§ **WHAT THIS TASK INVOLVES**
Although the listing contains pictures, reproduce only its text, exactly as written.

§ **COLLECTED DATA**
........

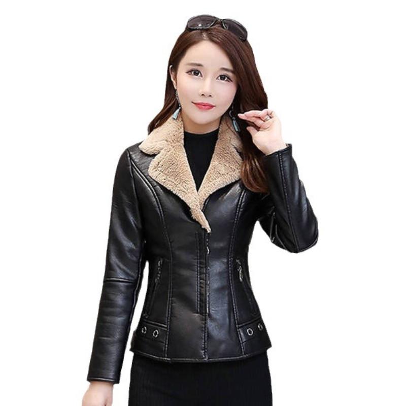 Зимняя новая короткая кожаная куртка женская утолщенная и бархатная теплая и тонкая куртка из искусственной кожи 3XL
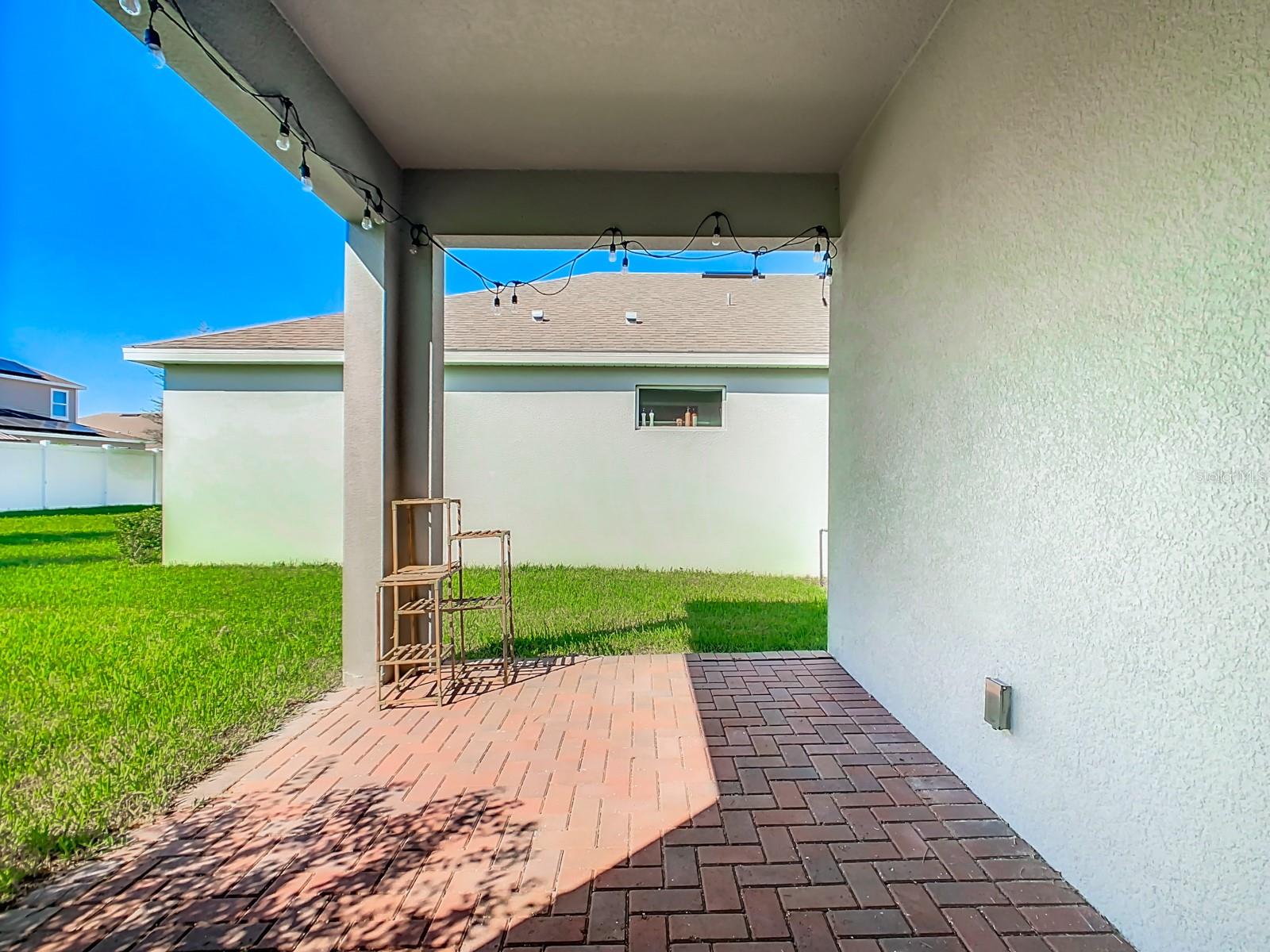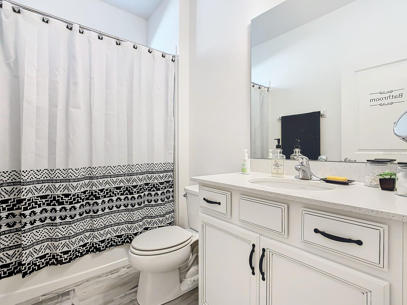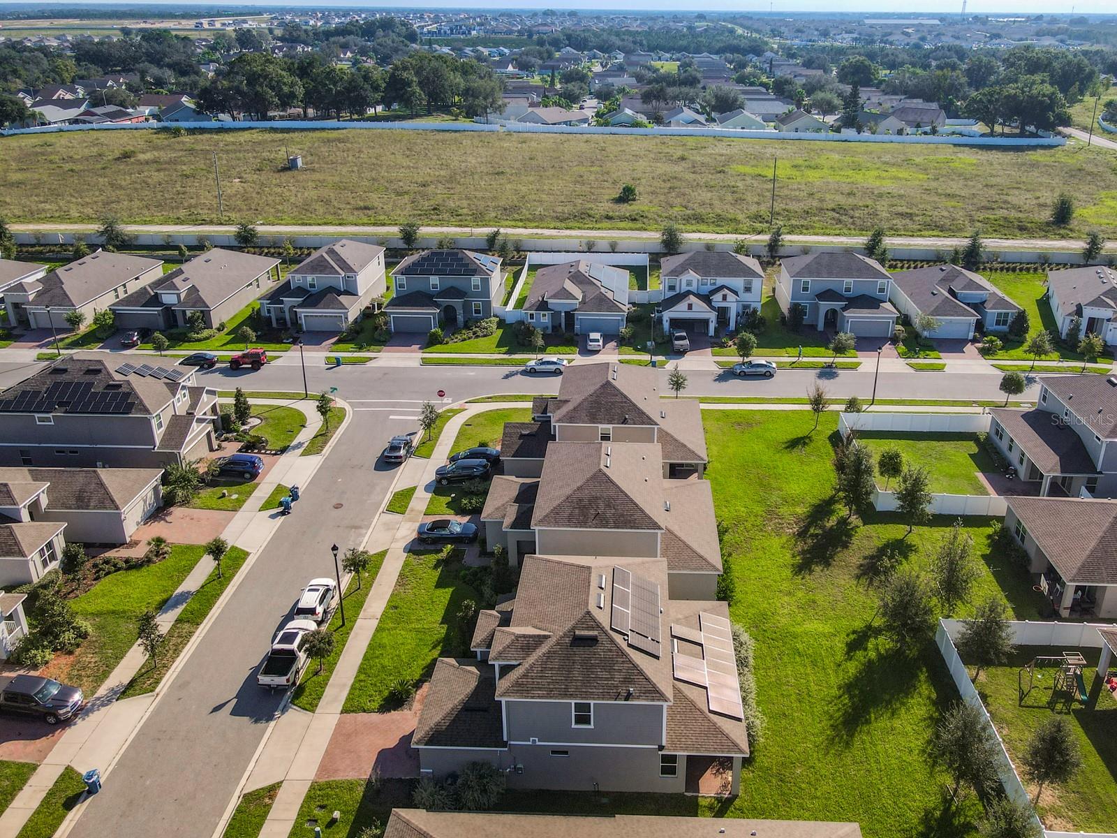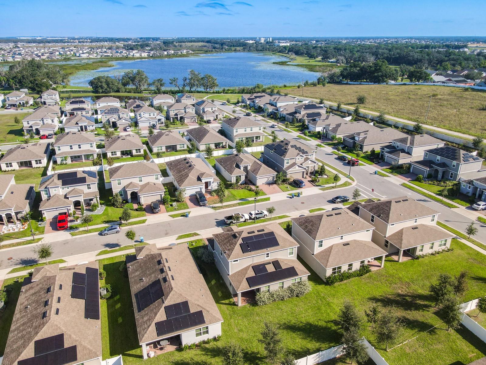 Discover this beautifully designed 4-bed, 3-bath home, built in 2021 by Park Square Homes. COMES WITH SOLAR PANEL PACKAGE providing very low energy costs averaging $25-$80 per month! Located in the vibrant community of Davenport, FL, this property combines luxury with functionality, ideal for family life. This home features 4 spacious bedrooms, 3 full bathrooms and over 2,300 sq ft of modern living space. A cozy front porch greets you before you enter the home. Some of the highlights of this like-new home are the open kitchen, complete with sleek modern appliances including a Samsung Bespoke designer refrigerator, quartz countertops, farmhouse sink, cooktop, built-in microwave & oven for easy access and ample storage. The flooring was upgraded with stylish ceramic tile throughout downstairs. Enjoy the bonus room downstairs which can be used as an office, den, workspace or craft nook. Upstairs has a versatile loft area perfect for a playroom or additional living space. The primary bedroom features a modern bathroom with a walk-in shower and built-in bench, dual sinks and a massive walk-in closet. There is a convenient laundry chute from the second floor down to the laundry room equipped with Samsung washer and dryer set. Off the living room there is a covered lanai and a spacious backyard, perfect for entertaining. The two-car garage with additional storage options offers plenty of parking. The community amenities include: a playground, soccer field, swimming pool. Enjoy these with a LOW HOA of just $207 per quarter! No CDD fee. Situated in a growing area of Davenport, this home is just 30 minutes away from Disney World, making it a perfect spot for both relaxation and fun. Close to schools, and shopping centers, you’ll have everything you need within reach. Schedule your showing today! 3D Tour: https://nodalview.com/s/2inz4Ti9z6remwJ_bbXgJ9
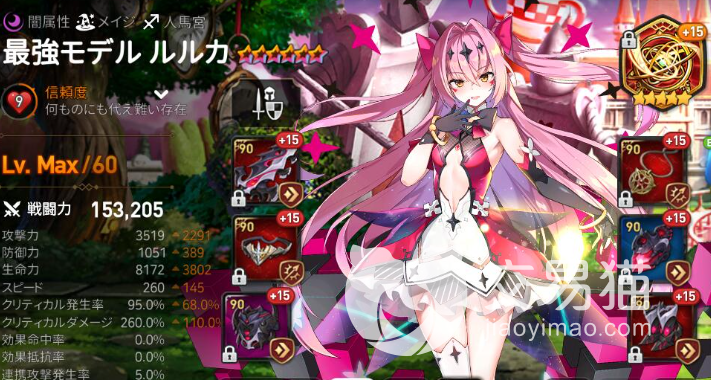 除了技能,璐璐卡的攻击力和命中都很高,可以打出稳定的伤害,并且不怕闪避。她的防御力和生命力也不低,可以承受一定的打击。她的速度虽然不算快,但也不慢,可以通过二技能提高。她的暴击率和暴击伤害都需要通过装备提高,才能发挥出更大的威力。

........

§ **ANSWER SECTION**
 Зимняя новая короткая кожаная куртка женская утолщенная и бархатная теплая и тонкая куртка из искусственной кожи 3XL
 Discover this beautifully designed 4-bed, 3-bath home, built in 2021 by Park Square Homes. COMES WITH SOLAR PANEL PACKAGE providing very low energy costs averaging $25-$80 per month! Located in the vibrant community of Davenport, FL, this property combines luxury with functionality, ideal for family life. This home features 4 spacious bedrooms, 3 full bathrooms and over 2,300 sq ft of modern living space. A cozy front porch greets you before you enter the home. Some of the highlights of this like-new home are the open kitchen, complete with sleek modern appliances including a Samsung Bespoke designer refrigerator, quartz countertops, farmhouse sink, cooktop, built-in microwave & oven for easy access and ample storage. The flooring was upgraded with stylish ceramic tile throughout downstairs. Enjoy the bonus room downstairs which can be used as an office, den, workspace or craft nook. Upstairs has a versatile loft area perfect for a playroom or additional living space. The primary bedroom features a modern bathroom with a walk-in shower and built-in bench, dual sinks and a massive walk-in closet. There is a convenient laundry chute from the second floor down to the laundry room equipped with Samsung washer and dryer set. Off the living room there is a covered lanai and a spacious backyard, perfect for entertaining. The two-car garage with additional storage options offers plenty of parking. The community amenities include: a playground, soccer field, swimming pool. Enjoy these with a LOW HOA of just $207 per quarter! No CDD fee. Situated in a growing area of Davenport, this home is just 30 minutes away from Disney World, making it a perfect spot for both relaxation and fun. Close to schools, and shopping centers, you’ll have everything you need within reach. Schedule your showing today! 3D Tour: https://nodalview.com/s/2inz4Ti9z6remwJ_bbXgJ9
 除了技能,璐璐卡的攻击力和命中都很高,可以打出稳定的伤害,并且不怕闪避。她的防御力和生命力也不低,可以承受一定的打击。她的速度虽然不算快,但也不慢,可以通过二技能提高。她的暴击率和暴击伤害都需要通过装备提高,才能发挥出更大的威力。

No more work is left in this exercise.